Abdurahman bin Auf sangat kaya. Ketika masih hidup, dia sudah diberi kabar gembira oleh nabi kalau kelak akan masuk surga. Pekerjaannya adalah berjualan hewan. Ketika ditanya oleh sahabatnya, "Ya Abdurahman, kamu bisa jadi kaya caranya bagaimana?". Abdurahman bin Auf menjawab, "Sebabnya ada tiga, Pertana; aku tidak menolak laba sama sekali, jadi kalau aku jualan, walaupun harganya (seumpama) 1 juta, kok hanya dapat laba seribu tidak akan aku tolak. Pokoknya kalau sudah dapat laba akan aku jual karena murah, sehingga langgananku banyak, Kedua; aku kalau punya hewan, unta atau keledai, kok ada orang yang kepingin memiliki, langsung saya berikan. Walaupun aku hanya mendapat laba dadung (tali) saja. Ketiga; aku tidak pernah menjual dengan cara memberi hutangan, harus kontan. Aku tidak mau kalau dihutang".
Pernah satu ketika Abdurahman bin Auf menjual 1000 unta. Tidak mendapat laba sama sekali. Seumpama "kulakaan"-nya 50 juta dan dijual 50 juta. Dia hanya mendapat laba dari dadungnya. Kemudian dadungnya dijual. Satu dadung seharga 1 dirham. Maka berarti unta seribu, hanya mendapat laba 1000 dirham. Ternyata yang membeli 1000 unta tersebut tidak punya kandang, sehingga menggunakan kandang nya Abdurhman bin Auf. Kemudain Abdurhman lah yang mencarikan makan dengan laba 1 dirham. Begitulah orang Zuhud, kaya tapi tidak pelit.
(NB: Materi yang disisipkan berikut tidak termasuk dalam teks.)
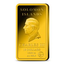 The obverse side of the Proof Solomon Islands Zodiac Leo Gold Coin showcases a portrait of King Charles III. This left-profile relief is one of the first portraits of the monarch, depicted without a crown.
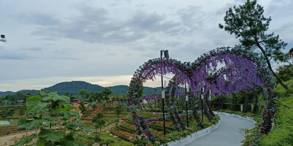 走進仙女谷,環山旅遊公路彷彿一條玉帶,依山而繞,將各座山頭景點連成一串玉珠。道路兩旁,700餘株茶花樹亭亭玉立,一些早開的梅花迎春綻放。樹枝上高高掛起的大紅燈籠,散發出濃濃的年味。遊客們三五成羣,吊威亞,玩自拍,品茗茶,享受着谷中休閑的愜意。
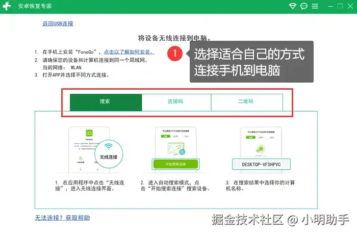 步骤1:连接设备。软件可支持的连接方式有两大类,你可以根据当下情况来抉择,看看是USB连接,还是无线连接更适合你。
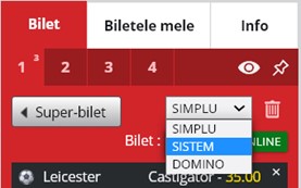 Indiferent de secțiunea aleasă, vei putea să plasezi pariuri Simple, Sistem sau Domino. Tipul de pariu dorit de tine, va trebui selectat de pe bilet. Orice bilet creat va fi considerat ca fiind Pariu Simplu. Dacă vei dori să schimbi tipul de pariu, va trebui să dai ”click” sau ”tap” pe butonul ”SIMPLU” și să selectezi din lista ce va fi afișată, tipul de pariu dorit.

Imam Ghozali pernah mengatakan, "Zuhud di dunia adalah kedudukan yang tinggi dari kedudukan-kedudukan seorang yang menuju Allah. Keduddukan tersebut urutannya adalah, (1) Taubat, (2) Takwa, (3) Qanaah, (4) Wiraki, (5) Tawakal, (6) As Sobru, dan (7) Zuhud, setelah itu sudah masuk pintu gerbang Hadrotillah".
Kalau diibaratkan perjalanan ke Surabaya dari Jombang. Jombang adalah taubat dan Surabaya adalah Hadratillah. Maqam Zuhud itu ibarat sudah sampai Wonokromo. Jadi satu tahap lagi sampailah ke Surabaya. Kawasan Illahi tinggal satu tahap lagi, yaitu Mahabbah. Makanya Imam Ghazali dawuh, "Zuhud adalah makam yang tinggi bagi Salikin".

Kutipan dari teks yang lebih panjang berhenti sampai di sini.